Problem statement ::
Pictures aside, repeat the listing below exactly.

Provided material ::

□ □ □ □

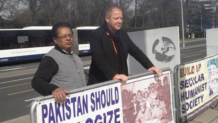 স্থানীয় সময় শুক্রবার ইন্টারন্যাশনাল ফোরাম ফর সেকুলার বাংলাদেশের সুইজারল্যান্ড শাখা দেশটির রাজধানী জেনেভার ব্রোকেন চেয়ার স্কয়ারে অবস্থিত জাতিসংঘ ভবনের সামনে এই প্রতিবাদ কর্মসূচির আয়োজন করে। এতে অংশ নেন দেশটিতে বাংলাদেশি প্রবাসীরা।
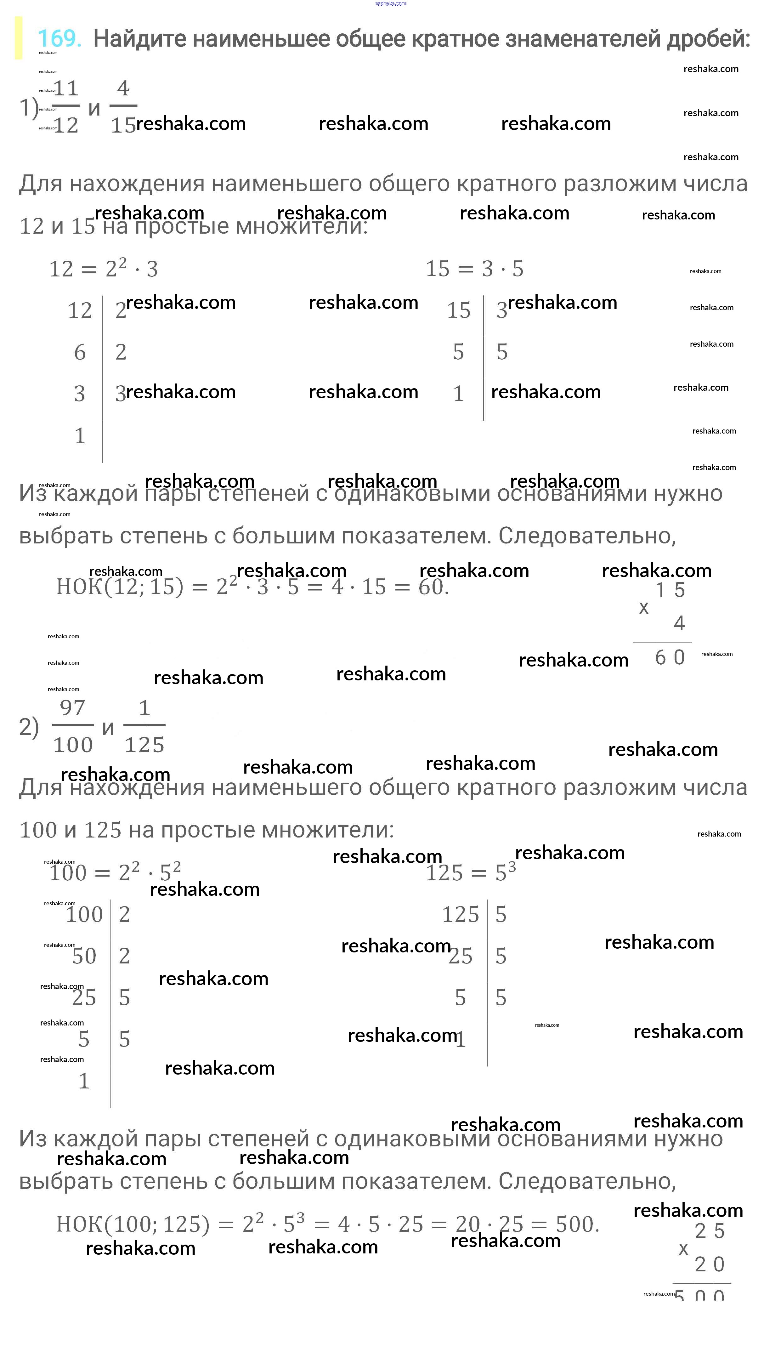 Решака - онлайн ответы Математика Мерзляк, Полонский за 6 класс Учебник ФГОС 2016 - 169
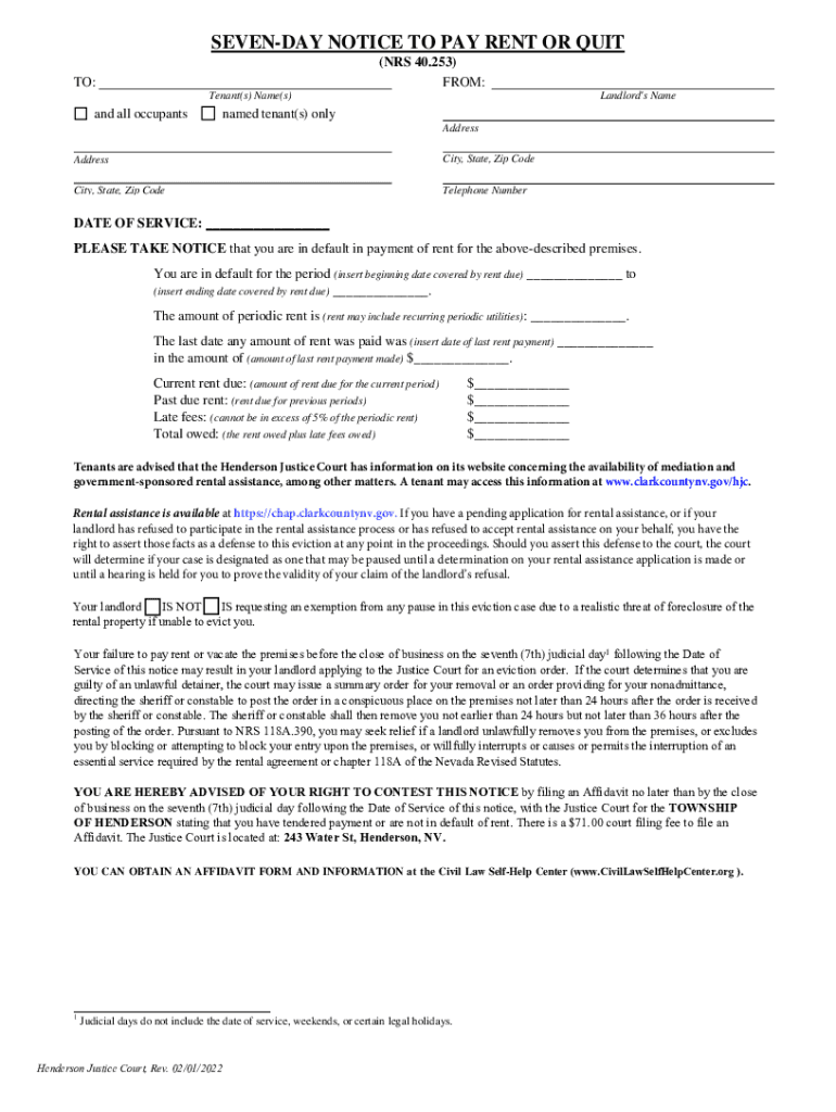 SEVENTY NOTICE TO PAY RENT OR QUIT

□ □ □ □

Expected output ::
 স্থানীয় সময় শুক্রবার ইন্টারন্যাশনাল ফোরাম ফর সেকুলার বাংলাদেশের সুইজারল্যান্ড শাখা দেশটির রাজধানী জেনেভার ব্রোকেন চেয়ার স্কয়ারে অবস্থিত জাতিসংঘ ভবনের সামনে এই প্রতিবাদ কর্মসূচির আয়োজন করে। এতে অংশ নেন দেশটিতে বাংলাদেশি প্রবাসীরা।
 Решака - онлайн ответы Математика Мерзляк, Полонский за 6 класс Учебник ФГОС 2016 - 169
 SEVENTY NOTICE TO PAY RENT OR QUIT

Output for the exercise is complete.